Nowadays, Spark surely is one of the most prevalent technologies in the fields of data science and big data. Luckily, even though it is developed in Scala and runs in the Java Virtual Machine (JVM), it comes with Python bindings also known as PySpark, whose API was heavily influenced by Pandas. With respect to functionality, modern PySpark has about the same capabilities as Pandas when it comes to typical ETL and data wrangling, e.g. groupby, aggregations and so on. As a general rule of thumb, one should consider an alternative to Pandas whenever the data set has more than 10,000,000 rows which, depending on the number of columns and data types, translates to about 5-10 GB of memory usage. At that point PySpark might be an option for you that does the job, but of course there are others like for instance Dask which won’t be addressed in this post.

If you are new to Spark, one important thing to note is that Spark has two remarkable features besides its programmatic data wrangling capabilities. One is that Spark comes with SQL as an alternative way of defining queries and the other is Spark MLlib for machine learning. Both topics are beyond the scope of this post but should be taken into account if you are considering PySpark as an alternative to Pandas and scikit-learn for larger data sets.

But enough praise for PySpark, there are still some ugly sides as well as rough edges to it and we want to address some of them here, of course, in a constructive way. First of all, due to its relatively young age, PySpark lacks some features that Pandas provides, for example in areas such as reshaping/pivoting or time series. Also, it is not as straightforward to use advanced mathematical functions from SciPy within PySpark. That’s why sooner or later, you might walk into a scenario where you want to apply some Pandas or SciPy operations to your data frame in PySpark. Unfortunately, there is no built-in mechanism for using Pandas transformations in PySpark. In fact, this requires a lot of boilerplate code with many error-prone details to consider. Therefore we make a wish to the coding fairy, cross two fingers that someone else already solved this and start googling… and here we are ;-)

The remainder of this blog post walks you through the process of writing efficient Pandas UDAFs in PySpark. In fact, we end up abstracting all the necessary boilerplate code into a single Python decorator, which allows us to conveniently specify our PySpark Pandas function. To give more insights into performance considerations, this post also contains a little journey into the internals of PySpark.

UDAFs with RDDs

To start with a recap, an aggregation function is a function that operates on a set of rows and produces a result, for example a sum() or count() function.
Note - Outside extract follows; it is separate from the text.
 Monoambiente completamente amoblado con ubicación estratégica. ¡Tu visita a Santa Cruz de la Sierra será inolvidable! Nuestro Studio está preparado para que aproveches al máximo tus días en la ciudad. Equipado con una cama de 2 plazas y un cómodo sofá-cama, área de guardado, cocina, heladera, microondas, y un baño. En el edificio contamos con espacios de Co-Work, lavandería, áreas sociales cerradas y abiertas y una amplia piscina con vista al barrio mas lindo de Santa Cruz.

A User-Defined Aggregation Function (UDAF) is typically used for more complex aggregations that are not natively shipped with your analysis tool in question. In our case, this means we provide some Python code that takes a set of rows and produces an aggregate result. At the time of writing - with PySpark 2.2 as latest version - there is no “official” way of defining an arbitrary UDAF function. Also, the tracking Jira issue SPARK-10915 does not indicate that this changes in near future. Depending on your use-case, this might even be a reason to completely discard PySpark as a viable solution. However, as you might have guessed from the title of this article, there are workarounds to the rescue. This is where the RDD API comes in. As a reminder, a Resilient Distributed Dataset (RDD) is the low-level data structure of Spark and a Spark DataFrame is built on top of it. As we are mostly dealing with DataFrames in PySpark, we can get access to the underlying RDD with the help of the rdd attribute and convert it back with toDF(). This RDD API allows us to specify arbitrary Python functions that get executed on the data. To give an example, let’s say we have a DataFrame df of one billion rows with a boolean is_sold column and we want to filter for rows with sold products. One could accomplish this with the code

df.rdd.filter(lambda x: x.is_sold == True).toDF()
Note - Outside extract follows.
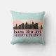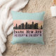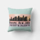Snyggt dekorativ kudde har Newark NJ:s stadskyline silhouette med vattenfärgen stänk och latitud och longitud karta koordinaterna
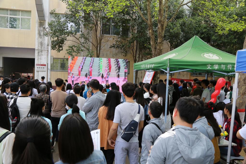 在网络直播的同时,学校弘毅广场、羽飞田径场外大屏幕也进行了同步直播,吸引了众多师生围观。

Although not explicitly declared as such, this lambda function is essentially a user-defined function (UDF). For this exact use case, we could also use the more high-level DataFrame filter() method, producing the same result:

df.filter(df.is_sold == True)

Before we now go into the details on how to implement UDAFs using the RDD API, there is something important to keep in mind which might sound counterintuitive to the title of this post: in PySpark you should avoid all kind of Python UDFs - like RDD functions or data frame UDFs - as much as possible! Whenever there is a built-in DataFrame method available, this will be much faster than its RDD counterpart. To get a better understanding of the substantial performance difference, we will now take a little detour and investigate what happens behind the scenes in those two filter examples.

PySpark internals

PySpark is actually a wrapper around the Spark core written in Scala. When you start your SparkSession in Python, in the background PySpark uses Py4J to launch a JVM and create a Java SparkContext. All PySpark operations, for example our df.filter() method call, behind the scenes get translated into corresponding calls on the respective Spark DataFrame object within the JVM SparkContext. This is in general extremely fast and the overhead can be neglected as long as you don’t call the function millions of times. So in our df.filter() example, the DataFrame operation and the filter condition will be send to the Java SparkContext, where it gets compiled into an overall optimized query plan. Once the query is executed, the filter condition is evaluated on the distributed DataFrame within Java, without any callback to Python! In case our workflow loads the DataFrame from Hive and saves the resulting DataFrame as Hive table, throughout the entire query execution all data operations are performed in a distributed fashion within Java Spark workers, which allows Spark to be very fast for queries on large data sets. Okay, so why is the RDD filter() method then so much slower? The reason is that the lambda function cannot be directly applied to the DataFrame residing in JVM memory. What actually happens internally is that Spark spins up Python workers next to the Spark executors on the cluster nodes. At execution time, the Spark workers send our lambda function to those Python workers. Next, the Spark workers start serializing their RDD partitions and pipe them to the Python workers via sockets, where our lambda function gets evaluated on each row. For the resulting rows, the whole serialization/deserialization procedure happens again in the opposite direction so that the actual filter() can be applied to the result set.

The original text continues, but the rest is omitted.